Hmmm. I think the Masters threw them off. (Kidding). But really, why so many Masters workers, when we don’t know how someone attains this status?
Citation: Walters K, Christakis DA, Wright DR (2018) Are Mechanical Turk worker samples representative of health status and health behaviors in the U.S.? PLoS ONE 13(6): e0198835. https://doi.org/10.1371/journal.pone.0198835
According to this study, apparently not. The study looked at how paying four different hourly rates ($2, $4, $6 and $8) affected things like attention as well as answers.
“Looking at demographics and using measures of attention, engagement and evaluation of the candidates, we find no effects of pay rates upon subject recruitment or participation.
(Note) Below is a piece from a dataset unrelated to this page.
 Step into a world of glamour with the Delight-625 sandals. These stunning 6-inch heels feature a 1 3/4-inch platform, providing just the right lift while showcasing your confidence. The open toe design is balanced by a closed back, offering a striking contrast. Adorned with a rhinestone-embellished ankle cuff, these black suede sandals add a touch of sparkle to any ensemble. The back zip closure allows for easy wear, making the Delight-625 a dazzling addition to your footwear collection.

We conclude by discussing implications and ethical standards of pay.”
They do find some indication that lower paid workers do not as well on some attention checks. They also suggest that they didn’t have problems getting people to do the study, although each was capped at 99 people. Two things are important to note:
“Our larger concern is for things that we were not able to measure, such as Turker experience. It is possible that more experienced Turkers may gravitate toward higher pay rates, or studies that they feel have a higher pay-to-effort ratio. This is, regrettably, something that we were not able to measure. However, since experimental samples do not tend to seek representative samples on Mechanical Turk, we feel that the risk of any demographic or background differences in who we recruit is that it could then lead to differences in behavior, either through attention to the study or in reaction to the various elements of the study. ”
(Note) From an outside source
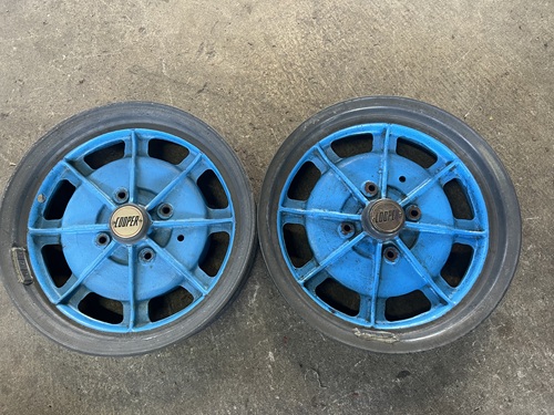 A pair of front wheels from a MK 9 Cooper 500

They also clearly state: “Paying a fair wage for work done does still involve ethical standards.”
So advocates Alexandra Samuel in this excellent article that describes MTurk as part of the ‘golden age’ of research.
And good for her, she writes:
“The use of crowdsourced survey platforms is likely to increase in the years ahead, so now is the time to entrench research practices that ensure fair wages for online survey respondents. Peer-reviewed journals, academic publishers, and universities can all play a part in promoting ethical treatment of online respondents, simply by requiring full disclosure of payment rate and task time allocation as part of any study that uses a crowdsourced workforce. We already expect academic researchers to disclose their sample size; we should also expect them to disclose whether their respondents earned a dollar for a five-minute survey, or a quarter for a half-hour survey.”
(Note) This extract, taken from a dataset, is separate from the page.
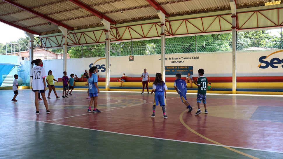 Nesta segunda-feira (11), as atividades foram voltadas para crianças de 7 a 12 anos e tinham como objetivo mostrar aos pequenos algumas brincadeiras populares, incentivando-os a participar delas. Na quadra poliesportiva do Sesc Guaxuma, as crianças brincaram de rouba-bandeira e queimado.

This new study by Hulland and Miller compares MTurk to Google Surveys for survey research. Interestingly, the second author works for a commercial research company and the piece starts out by saying that the use of MTurk is fairly non-existent in the commercial world. Hmmm. Not sure about that. I’ve heard anecdotal evidence that large panel companies turn to the Turk when they can’t get enough responses in some categories. So I start out reading this document with a bit of skepticism.
The authors review the good parts of MTurk (calling Turkers ‘agreeable’ which makes me smile) and then move on to the bad parts. There’s non-representativeness, self-selection (a problem with panels as well), non-naivete, and participant misrepresentation (ie lying on answers). The authors suggest this is most problematic when screening for specific populations. That may be true, but that may be more on the researcher writing the screener than the audience.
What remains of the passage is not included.